After — Vurb.ts with MVA:

text
Tool 1/5: users     — 350 tokens (6 actions)
Tool 2/5: projects  — 340 tokens (5 actions)
Tool 3/5: billing   — 380 tokens (8 actions)
Tool 4/5: tasks     — 320 tokens (6 actions)
Tool 5/5: reports   — 280 tokens (3 actions)
Total: ~1,670 tokens. Same 50 operations. System prompt rules: 0 tokens.

Domain rules travel just-in-time with data — not in the system prompt. Response is a structured perception package:

text
Block 1 — DATA: {"id":"INV-001","amount_cents":45000,"status":"pending"}
Block 2 — UI: [echarts gauge chart config]
Block 3 — DOMAIN RULES: "amount_cents is in CENTS. Divide by 100."
Block 4 — NEXT ACTIONS: → billing.pay: "Invoice is pending"
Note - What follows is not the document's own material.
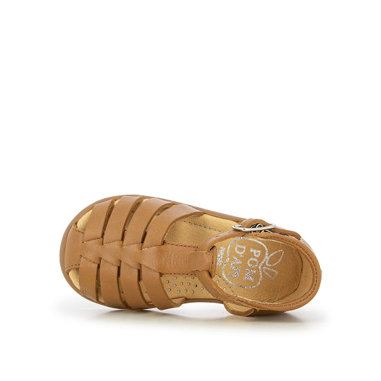 Stand Up strap is a first-step sandal presented here in a smooth camel leather version. The lining and the first are in microfibers made of recycled apple skin. Lightweight and equipped with a real rubber sole, a reinforcement placed at the back of the shoe provides support and optimal stability, while offering flexibility to the front of the foot.

No guessing. Undeclared fields rejected. Next actions data-driven.

Design Thesis

text
Fewer Tokens + Fewer Requests = Less Hallucination + Less Cost

Cost and hallucination are two symptoms of the same root cause: too many tokens in the context window, and too many requests because the agent didn't get adequate context on the first call.
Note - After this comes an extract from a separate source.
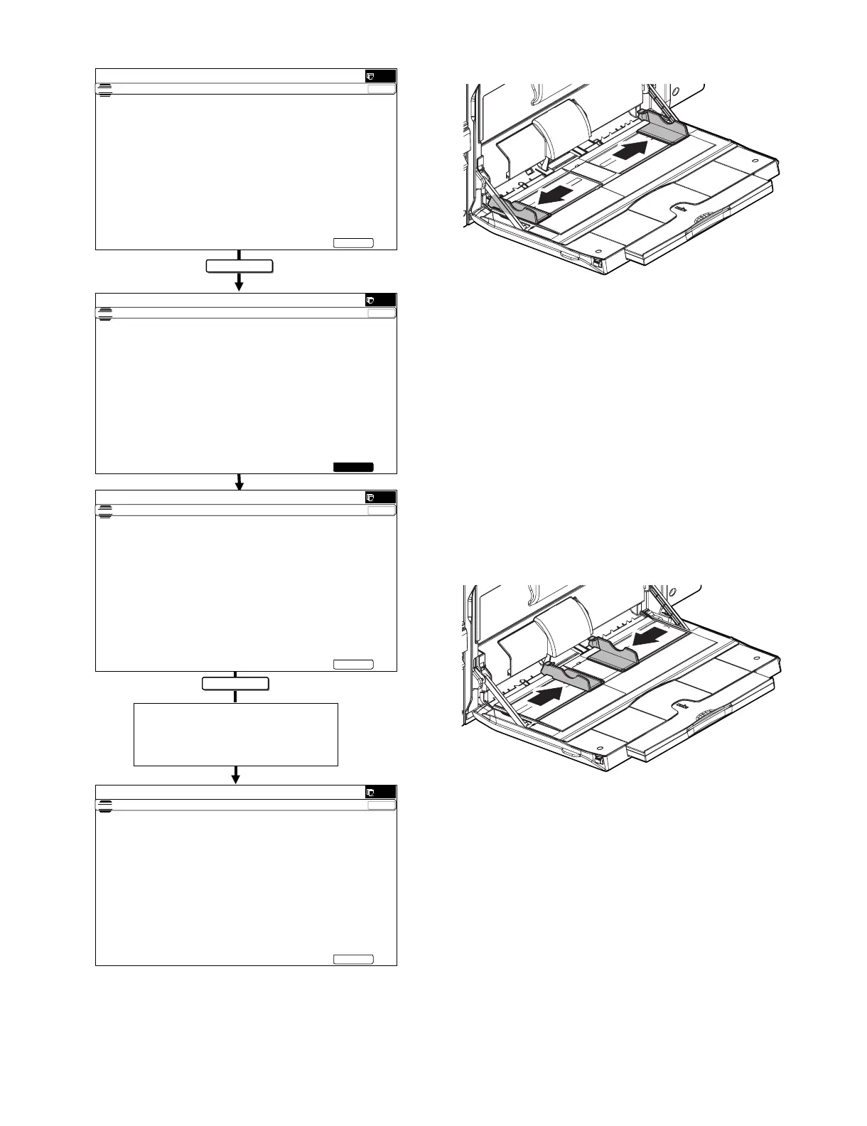 1) Go through the modes specified in Simulation 40-2. 2) Open the manual paper feed guide to the maximum width posi-

If your goal is to Reduce LLM API Costs and Prevent AI Hallucinations in Production, the solution is not better prompting. The solution is structural.
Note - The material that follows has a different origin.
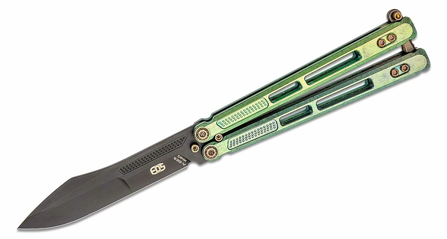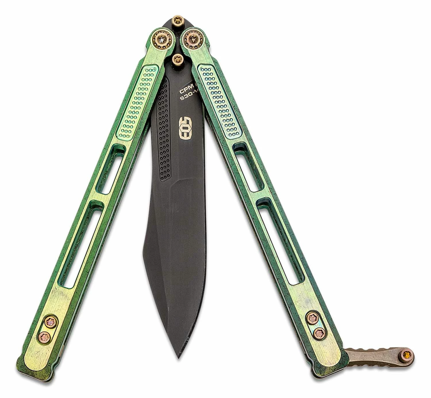 EOSTRDTAGRBK Trident Butterfly Knife, Antique Green, Black Blade

Without Context DDoS Prevention, raw MCP servers routinely trigger LLM OOM (Out of Memory) failures or bankrupt companies with runaway API bills from Anthropic and OpenAI. By employing the MVA architecture to implement strict LLM Token Economics — aggressively tree-shaking the context window and shrinking the API surface — Vurb.ts protects your infrastructure while dramatically increasing agent accuracy.

The 8 Mechanisms

text
① Action Consolidation        → fewer tools in context     → ↓ tokens
② TOON Encoding               → compact descriptions       → ↓ tokens
③ Zod .strict()               → no hallucinated params     → ↓ retries
④ Self-Healing Errors          → fix on first retry         → ↓ retries
⑤ Cognitive Guardrails         → bounded response size      → ↓ tokens
⑥ Agentic Affordances          → correct next action        → ↓ retries
⑦ JIT Context (System Rules)   → no guessing domain logic   → ↓ retries
⑧ State Sync                   → no stale-data re-reads     → ↓ requests

① Action Consolidation

Operations grouped behind a single tool with a discriminator enum. Schema surface shrinks significantly:

typescript
import { initVurb } from '@vurb/core';

const f = initVurb<AppContext>();

const list = f.query('projects.list')
  .describe('List projects')
  .handle(async (input, ctx) => ctx.db.projects.findMany());

const get = f.query('projects.get')
  .describe('Get project')
  .withString('id', 'Project ID')
  .handle(async (input, ctx) => ctx.db.projects.findUnique(input.id));

const create = f.mutation('projects.create')
  .describe('Create project')
  .withString('name', 'Name')
  .handle(async (input, ctx) => ctx.db.projects.create(input));

SchemaGenerator.ts compiles all actions into one inputSchema with a discriminator enum. applyAnnotations() adds per-field context telling the LLM which fields are needed for which action.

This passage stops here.